Plus jeune, tu avais un modèle?

Oui, Andre Riddick et c’est assez incroyable car j’ai joué avec lui à Charleroi. Je le voyais à la TV et puis c’est devenu mon coéquipier. Quand je suis arrivé au Spirou, je lui ai d’ailleurs confié que j’avais des posters de lui dans ma chambre (rires).

Attentif aux consignes de son entraineur.

Tu évoques Riddick, qui fut une gros joueur de notre championnat. Que penses-tu de notre première division et de son évolution?

L’EuroMillions Basketball League est pas mal du tout, le niveau est bon même s’il y a moins d’argent. Cela implique qu’il n’y a plus vraiment de grosses stars qui rejoignent notre championnat mais il y a plus de Belges sur les parquets. D’ailleurs, avec la nouvelle règle qui sera mise en application l’année prochaine (ndlr: un Belge en permanence sur le terrain), ce sera bien pour notre équipe nationale.

Tu parles d’argent, nous savons que pour beaucoup de clubs, la situation est loin d’être évidente. C’est un constat que tu dresses aussi?

Bien sûr. La visibilité du basket est relativement faible, cela n’aide pas à convaincre des partenaires commerciaux et attirer des gens dans les salles. De plus, le football prend énormément de place. Je suis déjà allé quelque fois dans les loges au Standard, ce n’est pas le même monde. Les partenaires qui se lient avec Liège Basket le font vraiment par amour du club et de ce sport. Enfin, il ne faut pas négliger l’aspect politique et relationnel. Si Ostende est si puissant, c’est très certainement parce que Johan Vande Lanotte est derrière. A Charleroi, le réseau du président, qui est aussi le boss de l’aéroport, doit probablement faciliter certaines choses. A Liège, nous manquons peut-être un peu de ce type de soutien.

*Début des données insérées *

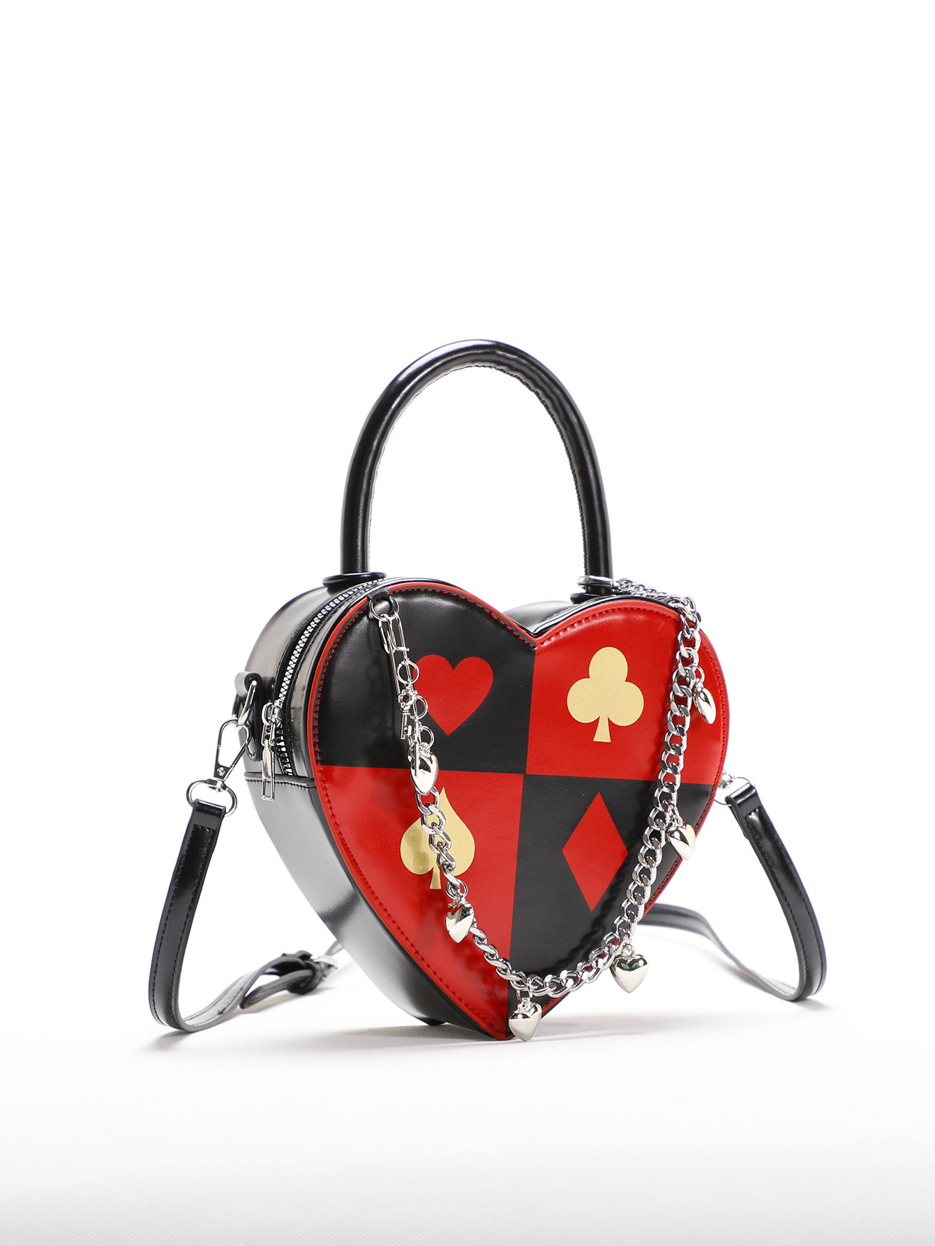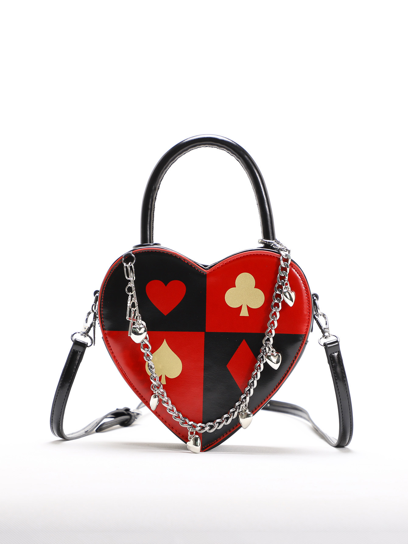 2025新型愛バッグ女性創意トランププリントハート型バッグチェーン愛ハンドバッグ洋気斜めショルダーバッグ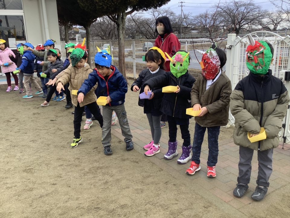 コロナウィルス問題で声は出せませんでしたが、元気に鬼退治をしましたよ(^○^)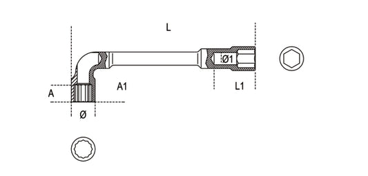 BETA Offset Hexagon Socket Wrench - 12mm Polished Chrom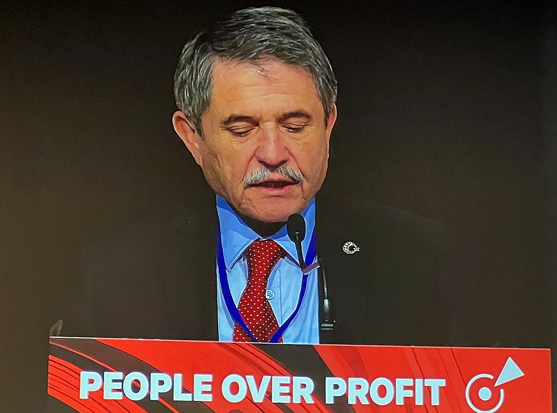 Huseyn Tanriverdi frá Tyrklandi ávarpaði þingið og sagði að stöðva verði þjóðarmorð Ísraela í Palestínu.

C’est un point de vue très intéressant, merci de nous l’avoir partagé. Pour conclure, y-a-t-il une question que l’on ne te pose jamais et que tu aimerais que nous te posions?

Pas vraiment mais je voudrais préciser que cela n’est pas si facile d’être basketteur professionnel. Beaucoup de gens pensent le contraire, imaginent qu’il n’y a pas de contraintes mais c’est tout l’inverse. Devenir pro nécessite de gros sacrifices. Alors oui, c’est notre passion mais cela n’en reste pas moins difficile. De plus, il faut être fort mentalement pour y parvenir, pour gérer la pression. Ce ne sont pas forcément ceux qui ont le plus d’aptitudes qui parviennent au haut-niveau car cela induit un engagement total.